Bioenergie: Vom Dorf zur Metropole
Landwirtschaft
Bioenergie schafft Kaufkraftgewinne
Jühnde ist sicherlich das bekannteste Bioenergiedorf. Aber nicht das einzige. Mauenheim in Baden-Württemberg ist ein weiteres. Die Bewohner von Mauenheim haben bislang 300.000 Liter Heizöl pro Jahr kaufen müssen. Bei einem Preis von 0,70 Euro fließen so 200.000 Euro aus dem Dorf ab. Das summiert sich in 20 Jahren auf über 5 Millionen Euro, rechnete Bene Müller von solarcomplex auf der Eurosolar-Tagung in Leipzig vor.
Investitionen für die nächsten Generationen
Jetzt bleibt das Geld in der Region. Das Dorf versorgt sich mit einer Biogasanlage und einer Hackschnitzelheizung selbst und die Bürger haben sich Photovoltaikanlagen auf das Dach gepackt. Die Hackschnitzel kommen alle aus der eigenen Gemarkung. 1,6 Millionen Euro hat der Wandel zum Bioenergiedorf gekostet und Bene Müller beschreibt das als Anlage für die nächsten Generationen. Schließlich haben sich die Mauenheimer auch nicht primär aus ökologischen Gründen für das vier Kilometer lange Wärmenetz entschieden, sondern aus wirtschaftlichen. So wurde die Wärmeübergabestation in den Häusern kostenfrei zur Verfügung gestellt, was zwar die Investitionskosten in die Höhe trieb, aber eine hohe Anschlussrate bewirkte.
Die Hackschnitzelheizung springt automatisch dann an, wenn der Wärmerückfluss eine bestimmte Temperatur unterschreitet.
Über das Dorf hinaus hat sich das in der Steiermark gelegene österreichische Mureck gleich zur ganzen Bioregion entwickelt. Karl Totter von der SEEG in Mureck, beschreibt den Prozess, der 1987 angefangen hat. Damals wurde zunächst Biodiesel aus Raps hergestellt. 1990 folgte der Spatenstich für die eigene Ölmühle. Drei Jahre später wurde das Motto „Vom Acker in den Tank“ um das Motto „Aus der Pfanne in den Tank“ erweitert und die Murecker verwandeln altes Speiseöl in Biodiesel, der auch in 160 Bussen der Stadt Graz den Personennahverkehr antreibt. 1998 wurde für 250 Kunden ein eigenes Nahwärmenetz mit 7 MW Leistung installiert und seit März 2005 verrichtet eine Biogasanlage mit 1.000 kWh Strom und 1.100 kWh Wärme seinen Dienst für die Stadt.
Aus bis zu 10 Kilometer Entfernung kommt der Raps für den Biodiesel, aus bis zu 50 Kilometer das Holz für die Wärme und Altspeiseöl wird von 1.500 Betrieben aus bis zu 100 km eingesammelt.
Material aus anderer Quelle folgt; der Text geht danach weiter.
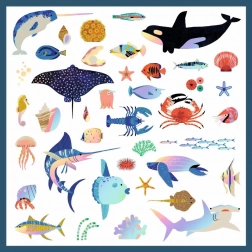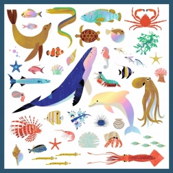 Razvijajte domišljijo z morskimi motivi, ki se svetijo zaradi kovinskih površin. Nalepke lahko uporabite takšne, kot so, ali pa jih uporabite za dopolnjevanje in dokončanje risb. Dvojne kopije listov zagotavljajo, da se lahko k priljubljenim motivom vračate znova in znova.
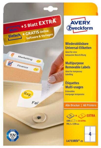 A L4733REV-25 cikkszámú Avery Zweckform öntapadós címke speciális visszaszedhető ragasztójának köszönhetően felragasztás után könnyedén visszaszedhető anélkül, hogy a felületen nyomot hagyna. Sokféle felhasználásra alkalmas, általános matt papír alapanyagú öntapadó etikett címke, visszaszedhető ragasztóval A4-es méretű lapokon. Kültéri hatásoknak nem, vagy csak
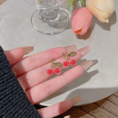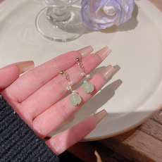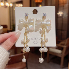 S925银针新中式猫眼石长款耳环女ins潮百搭气质珍珠耳钉耳饰批发
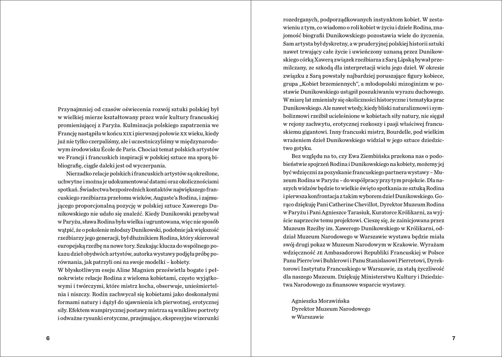 Przynajmniej od czasów oświecenia rozwój sztuki polskiej był w wielkiej mierze kształtowany przez wzór kultury francuskiej promieniującej z Paryża. Kulminacja polskiego zapatrzenia we Francję nastąpiła w końcu XIX i pierwszej połowie XX wieku, kiedy już nie tylko czerpaliśmy, ale i uczestniczyliśmy w międzynarodowym środowisku École de Paris. Chociaż temat polskich artystów we Francji i francuskich inspiracji w polskiej sztuce ma sporą bibliografię, ciągle daleki jest od wyczerpania. Nierzadko relacje polskich i francuskich artystów są określone, uchwytne i można je udokumentować datami oraz okolicznościami spotkań. Świadectwa bezpośrednich kontaktów największego francuskiego rzeźbiarza przełomu wieków, Auguste’a Rodina, i zajmującego proporcjonalną pozycję w polskiej sztuce Xawerego Dunikowskiego nie udało się znaleźć. Kiedy Dunikowski przebywał w Paryżu, sława Rodina była wielka i ugruntowana, więc nie sposób wątpić, że o pokolenie młodszy Dunikowski, podobnie jak większość rzeźbiarzy jego generacji, był dłużnikiem Rodina, który skierował europejską rzeźbę na nowe tory. Szukając klucza do wspólnego pokazu dzieł obydwóch artystów, autorka wystawy podjęła próbę porównania, jak patrzyli oni na swoje modelki – kobiety. W błyskotliwym eseju Aline Magnien prześwietla bogate i pełnokrwiste relacje Rodina z wieloma kobietami, często wyjątkowymi i twórczymi, które mistrz kocha, obserwuje, unieśmiertelnia i niszczy. Rodin zachwycał się kobietami jako doskonałymi formami natury i dążył do ujawnienia ich pierwotnej, erotycznej siły. Efektem wampirycznej postawy mistrza są wnikliwe portrety i odważne rysunki erotyczne, przejmujące, ekspresyjne wizerunki 6 rozedrganych, podporządkowanych instynktom kobiet. W zestawieniu z tym, co wiadomo o roli kobiet w życiu i dziele Rodina, znajomość biografii Dunikowskiego pozostawia wiele do życzenia. Sam artysta był dyskretny, a w pruderyjnej polskiej historii sztuki nawet trwający całe życie i uwieńczony uznaną przez Dunikowskiego córką Xawerą związek rzeźbiarza z Sarą Lipską bywał przemilczany, ze szkodą dla interpretacji wielu jego dzieł. W okresie związku z Sarą powstały najbardziej poruszające figury kobiece, grupa „Kobiet brzemiennych”, a młodopolski mizoginizm w postawie Dunikowskiego ustąpił poszukiwaniu wyrazu duchowego. W miarę lat zmieniały się okoliczności historyczne i tematyka prac Dunikowskiego. Ale nawet wtedy, kiedy bliski naturalizmowi i symbolizmowi rzeźbił ucieleśnione w kobietach siły natury, nie sięgał w rejony zachwytu, erotycznej rozkoszy i pasji właściwej francuskiemu gigantowi. Inny francuski mistrz, Bourdelle, pod wielkim wrażeniem dzieł Dunikowskiego widział w jego sztuce dziedzictwo gotyku. Bez względu na to, czy Ewa Ziembińska przekona nas o podobieństwie spojrzeń Rodina i Dunikowskiego na kobiety, możemy jej być wdzięczni za pozyskanie francuskiego partnera wystawy – Muzeum Rodina w Paryżu – do współpracy przy tym projekcie. Dla naszych widzów będzie to wielkie święto spotkania ze sztuką Rodina i pierwsza konfrontacja z takim wyborem dzieł Dunikowskiego. Gorąco dziękuję Pani Catherine Chevillot, Dyrektor Muzeum Rodina w Paryżu i Pani Agnieszce Tarasiuk, Kuratorce Królikarni, za wyjście naprzeciw temu projektowi. Cieszę się, że zainicjowana przez Muzeum Rzeźby im. Xawerego Dunikowskiego w Królikarni, oddział Muzeum Narodowego w Warszawie wystawa będzie miała swój drugi pokaz w Muzeum Narodowym w Krakowie. Wyrażam wdzięczność JE Ambasadorowi Republiki Francuskiej w Polsce Panu Pierre’owi Buhlerowi i Panu Stanislasowi Pierretowi, Dyrektorowi Instytutu Francuskiego w Warszawie, za stałą życzliwość dla naszego Muzeum. Dziękuję Ministerstwu Kultury i Dziedzictwa Narodowego za finansowe wsparcie wystawy. Agnieszka Morawińska Dyrektor Muzeum Narodowego w Warszawie 7 Rodin / Dunikowski Dwóch rzeźbiarzy patrzy na kobietę E WA Z I E M B I Ń S K A Twórczość Auguste’a Rodina inspirowała i nadal jest źródłem inspiracji dla wielu artystów, także dla tych niezajmujących się rzeźbą, tworzących w innym medium 1. Nie było w XX wieku rzeźbiarza, który nie konfrontowałby swych ambicji z twórczością Rodina. Sztuka francuskiego mistrza wprowadziła rozważania o rzeźbie w inny wymiar i nową epokę. Rodin w rozmowie z krytykiem sztuki Paulem Gsellem zauważył: „Rzeźbiarz, chcąc przedstawić radość, cierpienie lub jakąkolwiek namiętność, nie zdoła nas wzruszyć, jeśli nie potrafi tchnąć iskry życia w postaci przez siebie stworzone. […] Rzeźbiarz osiąga złudzenie życia w swoich dziełach, plastycznością lub ruchem. Te dwie własności są jakby oddechem i krwią płynącą w żyłach wszystkich pięknych dzieł sztuki” 2. Jak podkreślają badacze twórczości Rodina, rzeźbiarz posiadł umiejętność wyrażania różnorodnych emocji, duszy człowieka, poprzez znajomość anatomii i wiedzę z zakresu psychologii. Ciało, jego ułożenie i napięcie, Ostatnia słynna realizacja zainspirowana rzeźbą Rodina to videoinstalacja kanadyjskiego reżysera i scenarzysty Denysa Arcanda i artysty Adada Hannaha z 2014 roku, zatytułowana Mieszczanie z Vancouver, odnosząca się do słynnej rzeźby Rodina Mieszczanie z Calais. Instalacja pokazywana była na wystawach w 2015 roku w Paryżu i Toronto oraz na Międzynarodowym Festiwalu Filmowym w Toronto, zob.: https://www.youtube.com/watch?v=3Ga6uzF_1pM, [dostęp: 3 stycznia 2016]. 2 August Rodin, Sztuka. Rozmowy spisane przez Pawła Gsell, tłum. Teresa Tatarkiewiczowa, wstępem opatrzył Władysław Tatarkiewicz, Spółka Wydawnicza „EOS”, Poznań 1923, s. 31. 1 Pierre Choumoff (Piotr Szumow) Auguste Rodin 1917 odbitka na papierze srebrowo-żelatynowym 22,1 × 16,6 cm nr. inw. F.98918/III Biblioteka Narodowa 10 11 ujawnia stany emocjonalne. To podejście było przeło

Und entstanden ist das alles, wie Totter versichert, am 30. Dezember 1985 am Biertisch.
Die Biogasanlage steht nur 250 Meter vom Dorf entfernt. Die Murecker waren zu Beginn auch skeptisch, dass ihnen die Anlage in die Nase kriecht – aber Totter hat sich in ganz Europa verschiedene Anlagen angeschaut und sich für die beste Technik entschieden, die so eine Nähe trägt.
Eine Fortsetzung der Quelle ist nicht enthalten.